Source information>
↓↓↓
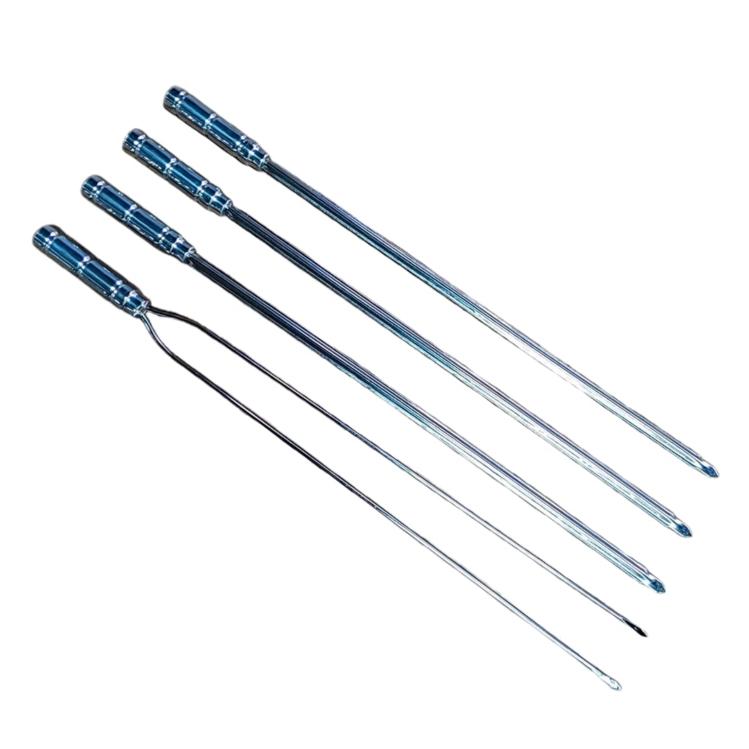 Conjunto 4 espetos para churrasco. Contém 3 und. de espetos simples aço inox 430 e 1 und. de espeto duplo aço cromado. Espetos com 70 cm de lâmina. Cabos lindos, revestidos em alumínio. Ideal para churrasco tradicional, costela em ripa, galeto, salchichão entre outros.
↑↑↑
↓↓↓
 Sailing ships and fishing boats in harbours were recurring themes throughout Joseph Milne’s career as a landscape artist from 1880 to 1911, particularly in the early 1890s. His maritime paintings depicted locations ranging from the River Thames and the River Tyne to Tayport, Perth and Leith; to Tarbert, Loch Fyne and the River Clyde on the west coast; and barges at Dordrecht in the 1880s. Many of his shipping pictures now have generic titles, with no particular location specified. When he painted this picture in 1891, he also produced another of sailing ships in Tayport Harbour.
↑↑↑
↓↓↓
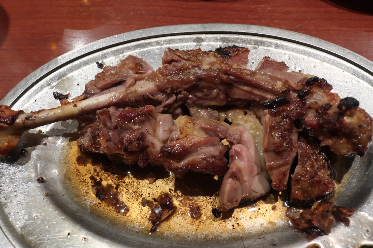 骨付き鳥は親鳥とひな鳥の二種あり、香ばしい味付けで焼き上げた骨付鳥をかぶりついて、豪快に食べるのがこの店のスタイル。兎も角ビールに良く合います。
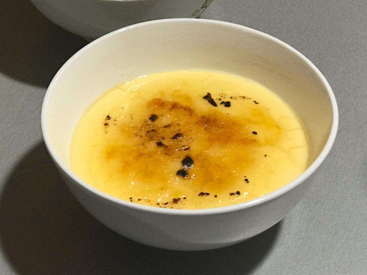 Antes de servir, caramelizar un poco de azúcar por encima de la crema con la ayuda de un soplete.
↑↑↑
Work task> Output exactly the stretch of the listing that begins at the line containing "骨付き鳥は親鳥とひな鳥の二種" and ends at the line containing "Antes de servir, caramelizar", both kept. Omit pictures and everything else.

Completed task>
 骨付き鳥は親鳥とひな鳥の二種あり、香ばしい味付けで焼き上げた骨付鳥をかぶりついて、豪快に食べるのがこの店のスタイル。兎も角ビールに良く合います。
 Antes de servir, caramelizar un poco de azúcar por encima de la crema con la ayuda de un soplete.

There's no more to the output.